Le pire est sans doute là : dans cet "esprit comptable qui l'emporte partout". Sous Sarkozy, l'Etat est placé sous la férule des nains de Bercy, des cabinets d'audit et des soit-disants experts, de tous ceux qui ne voient derrière le service public qu'un coût à réduire, qu'une charge à effacer. Comme le dit Mme Schmidt, tout cela doit être mis en rapport avec les discours officiels sur le primat de l'éducation, sur la "modernisation" des lycées ou sur le droit au logement. Quand le mensonge et la duperie deviennent des moyens de gouvernement....

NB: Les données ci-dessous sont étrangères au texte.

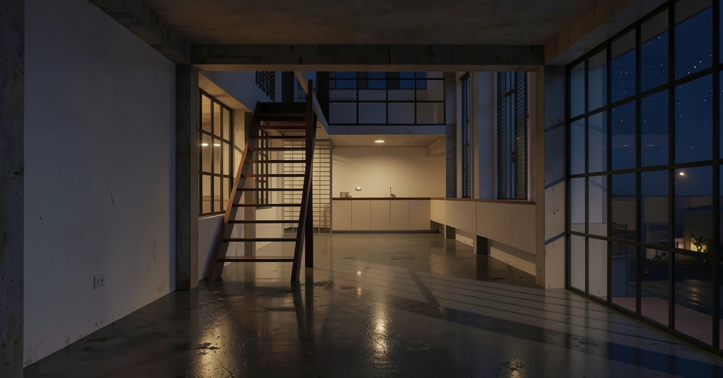 add a concealed indirect led strip in the foreground near the camera viewpoint integrated along the lower edge of the front wall or floor junction the light should softly graze the floor surface toward the interior revealing texture and reflections without flattening shadows keep the back area dominant and dramatic preserving contrast and nighttime atmosphere

Comment s'en sortir? Quelles sont aujourd'hui les forces à l'oeuvre qui permettront de mettre à bas la construction sarkozyenne ? Comme le signale Mme Schmidt, les contre-pouvoirs ne sont pas là où on pouvait les attendre :
Aujourd'hui, l'activisme présidentiel jette d'abord une lumière crue sur l'absence de contre-pouvoirs parlementaires. Procédure d'urgence incessante, ordre du jour bouleversé, inflation des projets de loi accablent les parlementaires réduits à l'état de chambre d'enregistrement. Mais, au-delà, ce qui frappe, c'est que la volonté de contrôle par l'exécutif et l'arbitraire qui préside à ses décisions existent partout. dans la conception sarkozyste, c'est l'existence même de contre-pouvoirs qu'il faut combattre férocement : dans les médias, les collectivités locales, en supprimant la justice de proximité (...) Face à cette offensive, l'opposition politique classique, et singulièrement le parti socialiste, apparaît largement désarçonnée. Celle-ci semble à la fois dépassée par le rythme présidentiel et par sa méthode de triangulation. Le Grenelle de l'environnement, le grand emprunt, l'affichage d'un volontarisme public au moment de la crise sont autant d'exemples. Mais c'est aussi tout simplement dans le vocabulaire et les concepts que Nicolas Sarkozy chasse ouvertement sur les terres de la gauche. (...) L'une des principales forces du sarkozysme, au-delà de ses contradictions, est bien d'avoir su jouer avec les lacunes et les limites de l'opposition de gauche classique qui préexistaient à l'élection de 2007 sans que la droite classique s'en soit emparée. Il a révélé de manière inédite la fragilité des jeux de rôle politiques entre majorité et opposition, le décalage entre le discours politique et les comportements humains.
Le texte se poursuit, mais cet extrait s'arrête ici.